Replies from: Slider, 27chaos, cousin_it, Lumifer↑ comment by Slider · 2015-08-04T22:27:19.220Z · LW(p) · GW(p)
Why would the mapping between the language the hypotheses are framed in have impact on which statements are most likley to be true? The article mentions that in domains where the correct hypotheses are complex in the proof language the principle tends to be anti-productive. There is no guarantee that the language is well suited to describe the target phenomenon if we are allowed to freely pick the phenomenon to track!
Wouldn't also any finite complexity class only have finitely many hypotheses in it and wouldn't those also be in a finite numbered index in it? The problem only arises for infinite complexity hypotheses. And it could be argued that if the index is a hyperinteger it can still be a valid placing.
With surreal probability it would be no problem to give an equal infinistemal probability to an infinite list of hypotheses.

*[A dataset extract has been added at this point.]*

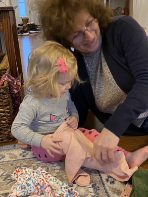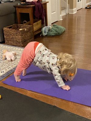 Vienna doing "yoga yoga" [note #1 - position of her toes] [note #2 - below her shirt -- band of skin, white band of diaper, red band of Nolan's underwear, and…

Replies from: Manfred, 27chaos, 27chaos, 27chaos↑ comment by Manfred · 2015-08-05T01:01:31.748Z · LW(p) · GW(p)
Wouldn't also any finite complexity class only have finitely many hypotheses in it
Think of it as like the set of all positive integers of finite size. As it turns out, every single integer has finite size! You show me an integer, and I'll show you its size :P But even though each individual element is less than infinity, the size of the set is infinite.
Why would the mapping between the language the hypotheses are framed in have impact on which statements are most likely to be true?
Choosing which language to use is ultimately arbitrary. But because there's no way to assign the same probability to infinitely many discrete things and have the probabilities still add up to one, we're forced into a choice of some "natural ordering of hypotheses" in which the probability is monotonically decreasing. This does not happen because of any specific fact about the external world - this is a property of what it looks to have hypotheses about something that might be arbitrarily complicated.
The article mentions that in domains where the correct hypotheses are complex in the proof language the principle tends to be anti-productive.
Well... it's anti-productive until you eliminate the simple-but-wrong alternatives, and then suddenly it's the only thing allowing you to choose the right hypothesis out of the list that contains many more complex-and-still-accurate hypotheses.
If you want a much better explanation of these topics than I can give, and you like math, I recommend the textbook by Li and Vitanyi.
Replies from: Slider↑ comment by Slider · 2015-08-06T22:27:18.044Z · LW(p) · GW(p)
9 has 4 digits as "1001" in binary and 1 in decimal, so no function from integers to their size. There is no such thing as the size of a integer independent of any digit system used (well you could refer to some set constructions but then the size would be the integer itself).
As surreals we could have ω pieces of equal probability ɛ that sum to 1 exactly (althought ordinal numbers are only applicaple to orders which can be different than cardinal numbers. While for finites there is no big distinciton from ordinal and cardinal, "infinitely many discrete things" might refer to a cardinal concept. However for hypotheses that are listable (such as formed as arbitrary lenght strings of letters from a (finite) alphabeth) the ωth index should be well founded).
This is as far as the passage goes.